1.     Finding the slope on a velocity vs time graph.

2.     2. Using the formula A=(1/2)bh +l x w

3.     Find the constant acceleration or instantaneous velocity by: V= at + V^0

4. a= Delta V

          Delta T (change in)

Acceleration vs Time Graphs:

·      These graphs tell us the acceleration of an object and if it is in the positive or negative direction, and tells us the slope that would be depicted on an V vs T graph.

·      If a line is straight, it shows a constant velocity.

·      The Y intercept in a A vs T graph tells us the starting position.

·      The area underneath the line tells us the change in velocity. By calculated the area underneath the line you can find the change in X, also known as Delta X.

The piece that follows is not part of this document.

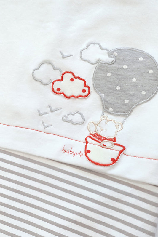 Completo 2 pezzi in cotone Jersey elasticizzato con inserti in tela rigata e ricamino babyvip

·      In an A vs T graph, you cannot determine the objects position.

Position vs Time Graphs: 

How is the CAPM applicable to real life?Acceleration is commonly associated with speed, particularly when driving a car. In class, we often do problems that have to do with the acceleration it would take for a car to come to a complete stop for the amount of time it would take a driver to reach a certain speed. This unit has also taught us the scale of being able to predict any point on the graph that a line will intersect with if it has a constant velocity and starting point. Being able to make predictions and draw conclusions from graphs and other visual aids is a crucial skill that is a necessity in most business settings.